──────── TASK MATERIAL

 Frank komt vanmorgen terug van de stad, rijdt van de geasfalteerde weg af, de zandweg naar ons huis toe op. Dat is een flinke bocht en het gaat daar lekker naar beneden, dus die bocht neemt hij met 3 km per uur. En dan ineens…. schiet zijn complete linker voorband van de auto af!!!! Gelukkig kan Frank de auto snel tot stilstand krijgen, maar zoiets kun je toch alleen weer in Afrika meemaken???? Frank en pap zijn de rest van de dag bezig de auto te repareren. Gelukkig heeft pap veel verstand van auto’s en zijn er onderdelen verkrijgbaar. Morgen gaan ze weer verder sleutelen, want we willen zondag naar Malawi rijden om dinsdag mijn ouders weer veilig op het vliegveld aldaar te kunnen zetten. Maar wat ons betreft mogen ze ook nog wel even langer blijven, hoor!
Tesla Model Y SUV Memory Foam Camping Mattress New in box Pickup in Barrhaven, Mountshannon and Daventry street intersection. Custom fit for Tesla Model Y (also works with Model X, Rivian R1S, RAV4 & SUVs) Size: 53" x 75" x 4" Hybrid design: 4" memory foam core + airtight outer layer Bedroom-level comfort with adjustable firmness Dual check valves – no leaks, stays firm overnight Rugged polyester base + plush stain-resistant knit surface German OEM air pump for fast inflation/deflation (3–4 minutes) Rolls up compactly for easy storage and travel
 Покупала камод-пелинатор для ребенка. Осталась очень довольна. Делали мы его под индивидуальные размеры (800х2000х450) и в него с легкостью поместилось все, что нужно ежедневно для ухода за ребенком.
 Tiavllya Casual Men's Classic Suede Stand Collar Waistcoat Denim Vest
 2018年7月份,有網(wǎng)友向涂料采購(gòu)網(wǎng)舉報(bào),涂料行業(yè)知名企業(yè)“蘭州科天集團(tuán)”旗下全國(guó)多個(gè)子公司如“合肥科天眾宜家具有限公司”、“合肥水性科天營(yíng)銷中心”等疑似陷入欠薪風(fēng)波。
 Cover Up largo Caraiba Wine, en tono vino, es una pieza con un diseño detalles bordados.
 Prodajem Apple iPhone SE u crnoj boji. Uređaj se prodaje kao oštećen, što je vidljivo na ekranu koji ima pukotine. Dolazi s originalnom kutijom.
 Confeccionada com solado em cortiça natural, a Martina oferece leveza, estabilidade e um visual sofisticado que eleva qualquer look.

────────────────

ABOUT THIS EXERCISE >> Using the entries above, give back exactly the line containing "Tesla Model Y SUV", the line containing "Cover Up largo", and every line between them, and nothing else.

RESULT OF THE TASK >>
Tesla Model Y SUV Memory Foam Camping Mattress New in box Pickup in Barrhaven, Mountshannon and Daventry street intersection. Custom fit for Tesla Model Y (also works with Model X, Rivian R1S, RAV4 & SUVs) Size: 53" x 75" x 4" Hybrid design: 4" memory foam core + airtight outer layer Bedroom-level comfort with adjustable firmness Dual check valves – no leaks, stays firm overnight Rugged polyester base + plush stain-resistant knit surface German OEM air pump for fast inflation/deflation (3–4 minutes) Rolls up compactly for easy storage and travel
 Покупала камод-пелинатор для ребенка. Осталась очень довольна. Делали мы его под индивидуальные размеры (800х2000х450) и в него с легкостью поместилось все, что нужно ежедневно для ухода за ребенком.
 Tiavllya Casual Men's Classic Suede Stand Collar Waistcoat Denim Vest
 2018年7月份,有網(wǎng)友向涂料采購(gòu)網(wǎng)舉報(bào),涂料行業(yè)知名企業(yè)“蘭州科天集團(tuán)”旗下全國(guó)多個(gè)子公司如“合肥科天眾宜家具有限公司”、“合肥水性科天營(yíng)銷中心”等疑似陷入欠薪風(fēng)波。
 Cover Up largo Caraiba Wine, en tono vino, es una pieza con un diseño detalles bordados.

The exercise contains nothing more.